*** Opening Data provided ***
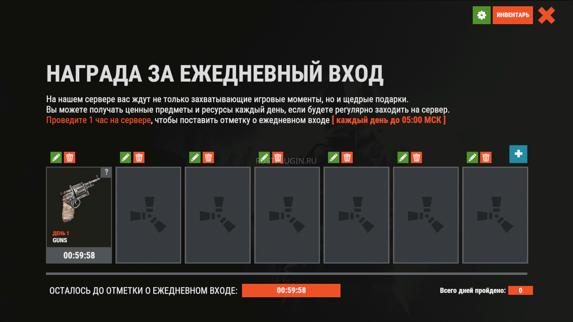 - [Added] Когда вы удалили все дни, в плагине теперь есть кнопка, чтобы добавить первый день наград
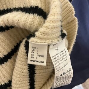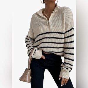 🔍 Keywords: striped half zip sweater, cream black stripe sweater, coastal granddaughter aesthetic, preppy knit sweater, chunky knit pullover, neutral sweater L, collared sweater, French girl style, half zip pullover
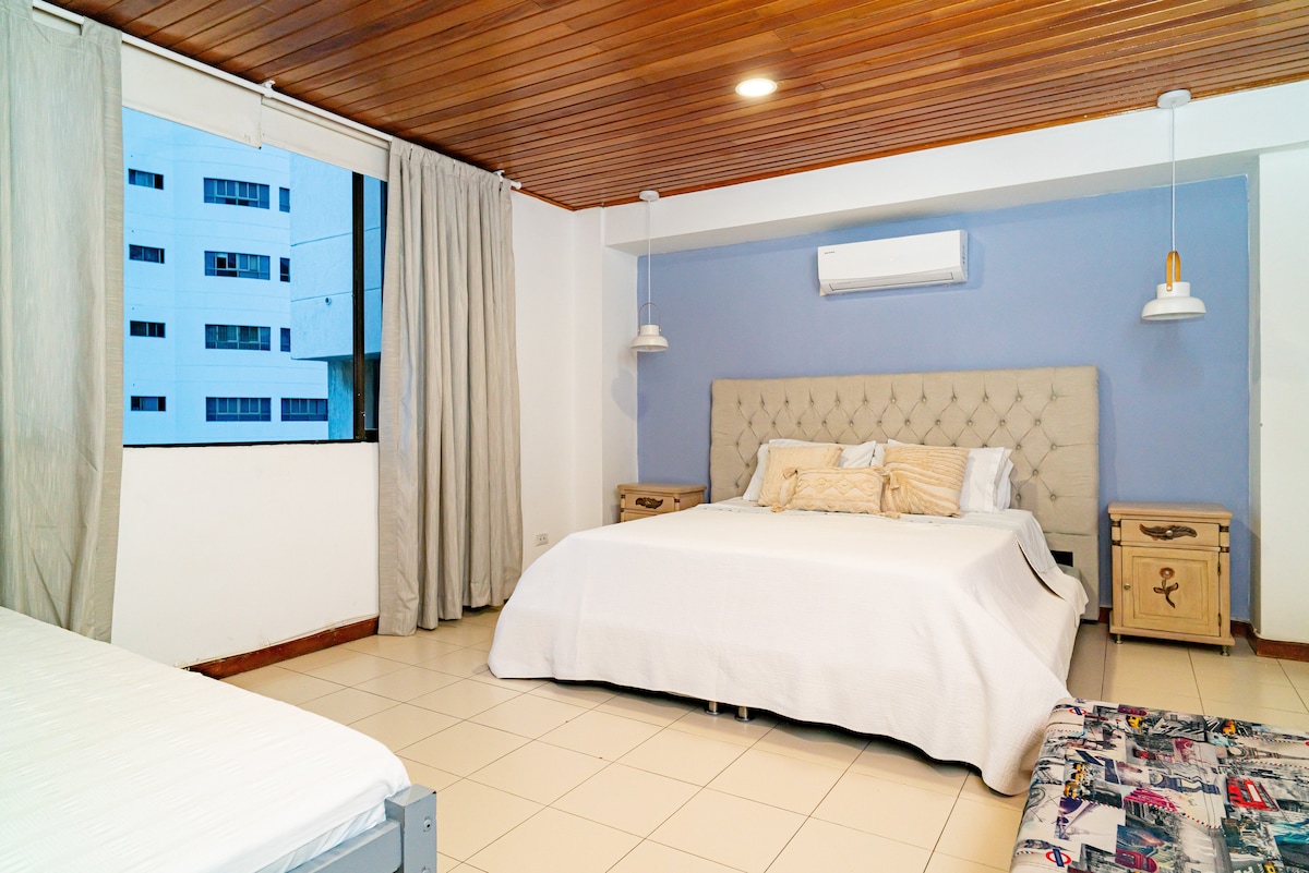 Habitación ideal para familias o grupos pequeños. Cuenta con una cómoda cama doble y una cama auxiliar individual, perfecta para un tercer huésped. Espacio moderno, con aire acondicionado, baño privado y todo lo necesario para una estadía confortable.
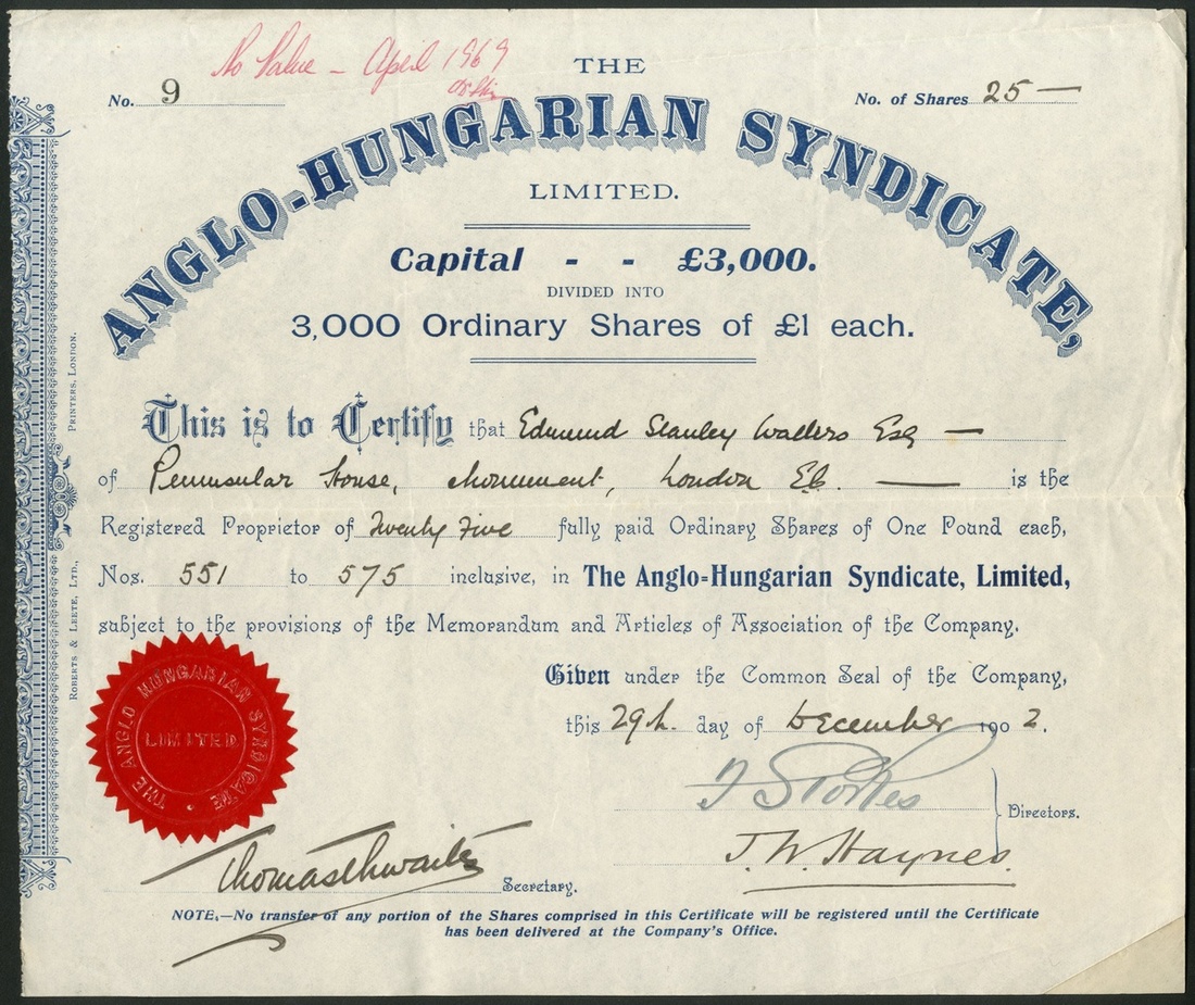Ottoman Empire: Anglo-Hungarian Syndicate Limited, £1 shares, 190[2], #9, blue, red seal. Formed to acquire a concession for a railway extending the Konieh system across Mesopotamia to the Persian Gulf. This was in direct competition to the German Government backed scheme for the Baghdad Railway. VF and rare.
*** Closing Data provided ***
Would you please copy the listing exactly, omitting every picture?

**Response to the task**
 - [Added] Когда вы удалили все дни, в плагине теперь есть кнопка, чтобы добавить первый день наград
 🔍 Keywords: striped half zip sweater, cream black stripe sweater, coastal granddaughter aesthetic, preppy knit sweater, chunky knit pullover, neutral sweater L, collared sweater, French girl style, half zip pullover
 Habitación ideal para familias o grupos pequeños. Cuenta con una cómoda cama doble y una cama auxiliar individual, perfecta para un tercer huésped. Espacio moderno, con aire acondicionado, baño privado y todo lo necesario para una estadía confortable.
Ottoman Empire: Anglo-Hungarian Syndicate Limited, £1 shares, 190[2], #9, blue, red seal. Formed to acquire a concession for a railway extending the Konieh system across Mesopotamia to the Persian Gulf. This was in direct competition to the German Government backed scheme for the Baghdad Railway. VF and rare.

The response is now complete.